Yes, I grew up in a family of avid readers. Books were everywhere growing up and we went to the library regularly. My mom loved E.B. White and Anne Sexton, my dad read all the sports books and the books my mom recommended to him, but there are too many authors and titles to mention.

What in particular attracted you to this genre?

I love poetry because I get to share my personal experiences with the reader

Would you rather read a book or watch television?

I would rather read. I don’t watch much television.

How different was your life one year ago?

It is vastly different. I lost my hotel management job at the beginning of COVID, and the best thing that 2020 gave me was the gift of time. Suddenly, I had so much time to write, so I dove head first into this creative zone and now I can never go back.
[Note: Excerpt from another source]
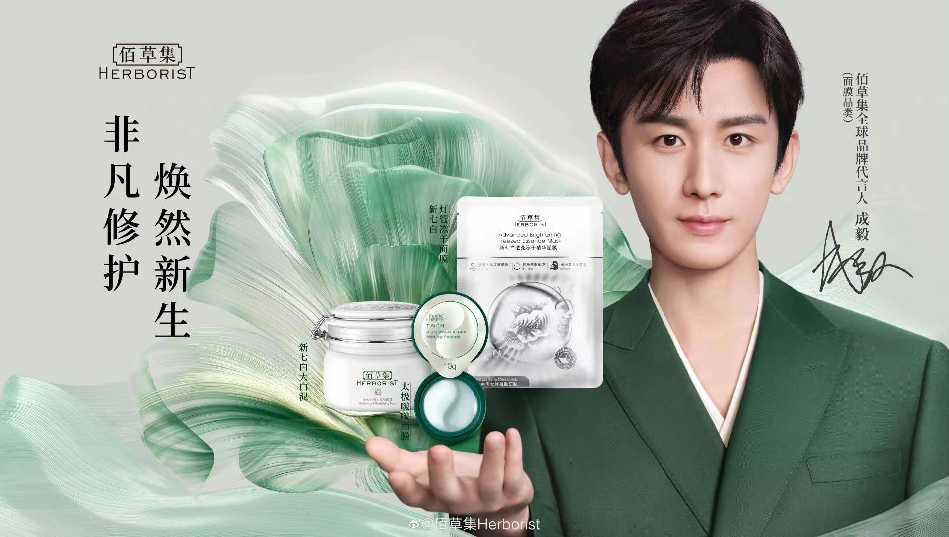 佰草集官方微博發(fā)文官宣了演員成毅(明星代言公司)為該品牌全球代言人(面膜品類)

Tell us some more about your book.

I had the idea of assembling an anthology after connecting with so many other poets on Instagram. It was 2020 and I thought it would be good to give the readers a book that could help them escape from the world for a bit.

What inspired the premise of your book?

It was inspired from a comment from a reader while I was doing an Instagram Live session with fellow Perspective to Pen poet, Anthony James Rivera.

What makes this book important right now?

Much of the poetry is current and reflects on what we are all going through right now amid this pandemic.

How did you decide on this title?

It was written during one of our zoom calls when all 12 poets were brainstorming. We love the word perspective since this is an anthology and each one of us has a different perspective.

What’s next for you?

I will be releasing my sixth book of poetry, “kaleidoscope of colors: Volume two.